Facebook may soon be getting its chequebook out for a UK start-up after a leading executive said it was looking at acquiring talent to beef up its mobile expertise.
Julien Codorniou, head of Facebook’s gaming and app partnerships across Europe, said: “Anywhere you see mobile talent, we see opportunities.
“In the UK we’ve done a few talent acquisitions. We look at many, many opportunities.”
Facebook was last month linked to a deal to acquire London-based artificial intelligence company DeepMind, which was eventually snapped up by Google for £400m.
Oxford-based games developer NaturalMotion was also recently acquired by US gaming giant Zynga in a £317m takeover. Deals such as these are known as acqui-hires, where talented developers are bought into a company through a buyout of their start-up.

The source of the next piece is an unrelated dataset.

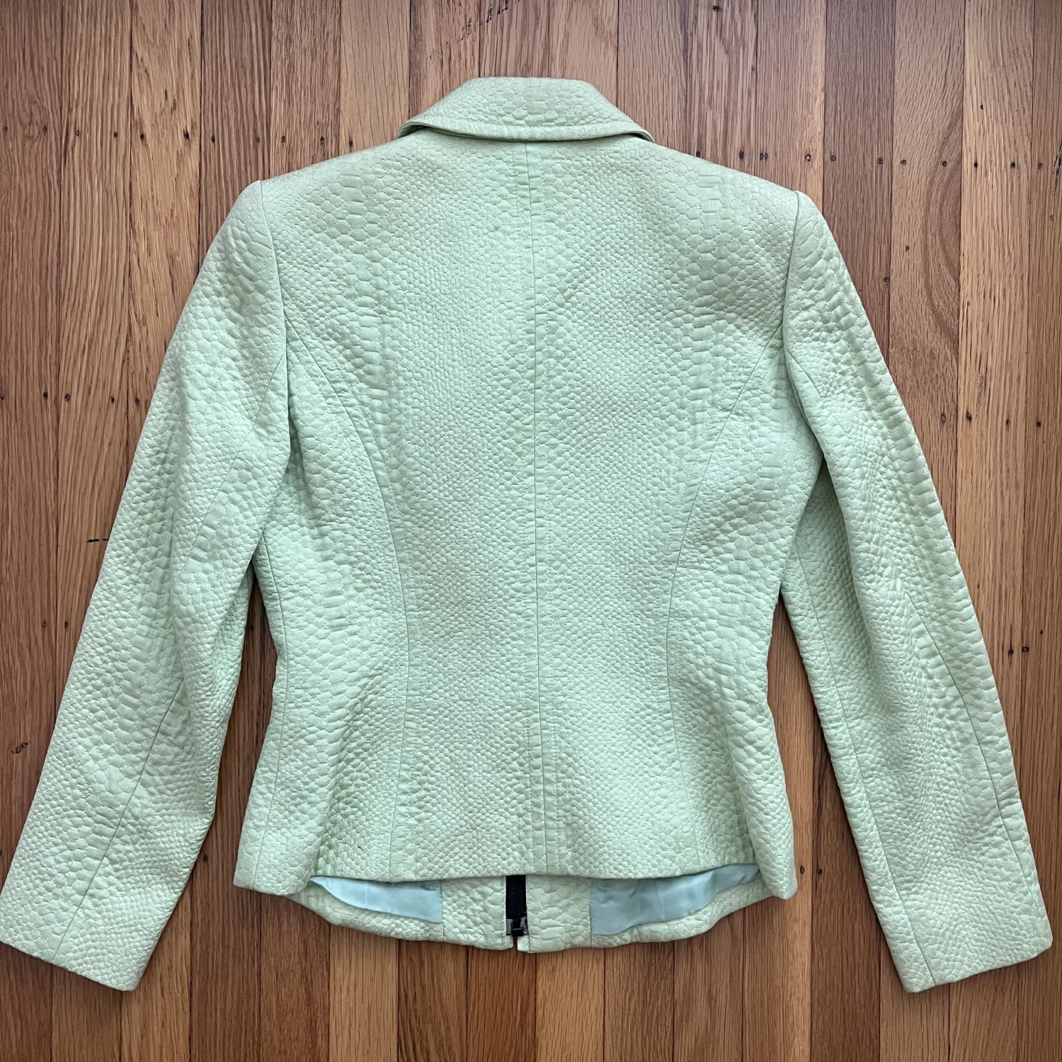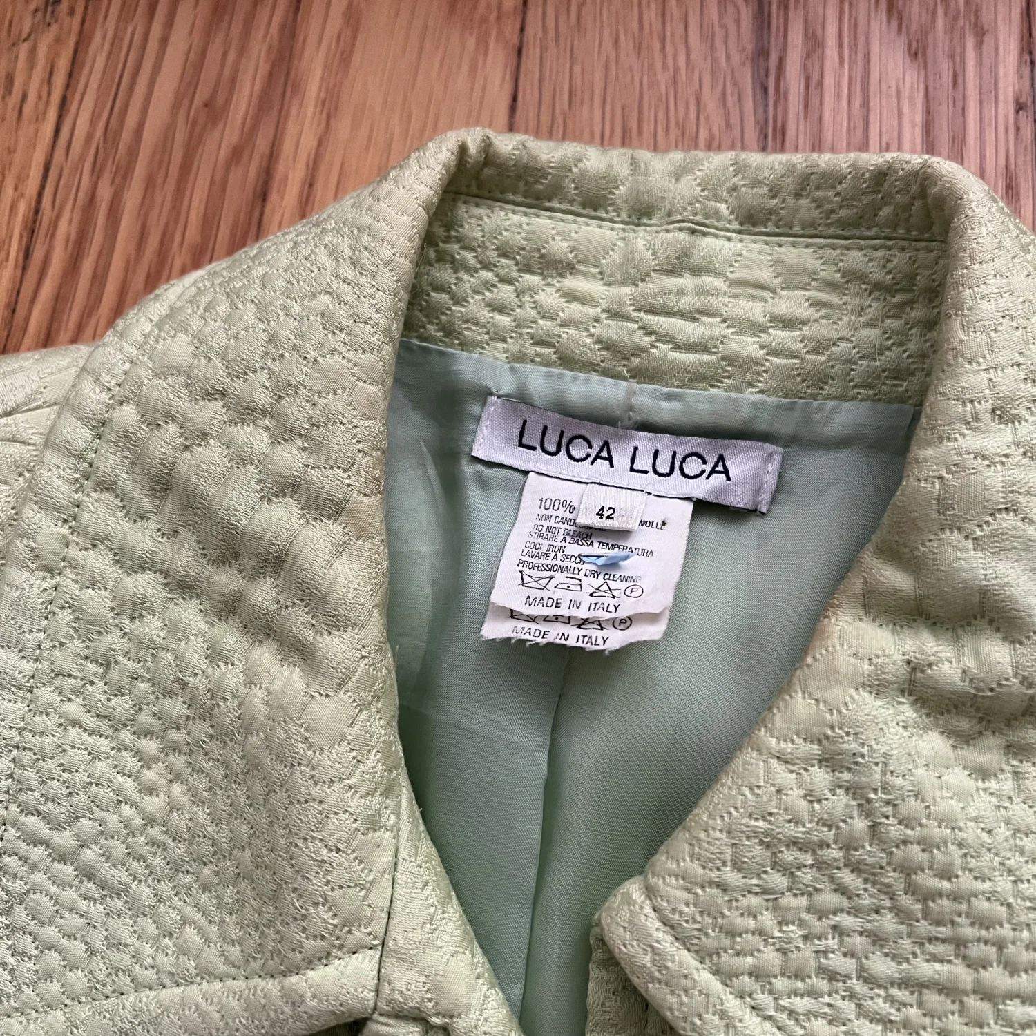 Vintage Luca Luca Jacket. It’s a lime green ish color. I think the color is more rich in real life than it shows in pictures. Made in Italy. Size 42 IT

Facebook is sitting on an $11bn cash pile, giving it ample resources to buy-in talent, and Mr Codorniou said that London was a one of five hotspots for mobile app development in Europe.
Mr Codorniou singled out London-based event booking app YPlan a “a very important partner” and tipped SpaceApe, the developer behind games such as Samurai Seige, as a promising UK start-up.
Facebook founder Mark Zuckerberg has taken great pains to transform the social network into a ‘mobile first’ company and last week Facebook launched a new standalone smartphone app called Paper.
Mr Codorniou, who helps companies build on Facebook or integrate it into their apps, echoed Mr Zuckerberg’s focus, saying: “Most of the companies we work with are mobile first or mobile only. It’s very, very mobile. “
Last month Mr Zuckerberg reported that almost half the people who use Facebook now do so from their smart phones, while mobile advertising income now makes up 53 per cent of all ad revenue.
Mr Codorniou predicted that this year online shopping would be transformed by smartphones: “The first industry to be disrupted by mobile was gaming and the next will be e-commerce.”
Meanwhile, a London start-up that lets small businesses avoid steep fees when exchanging currency has raised over £5m in funding, as the UK’s alternative finance industry continues to gather momentum.
Kantox has raised €6.4m from French venture capital firm Partech Ventures, Spanish investment firm Cabiedes & Partners and existing investor FXStreet. The start-up, headquartered in the heart of the City of London by Bishopsgate, provides a platform for small and medium businesses to exchange foreign currency at a cheaper rate than offered by banks.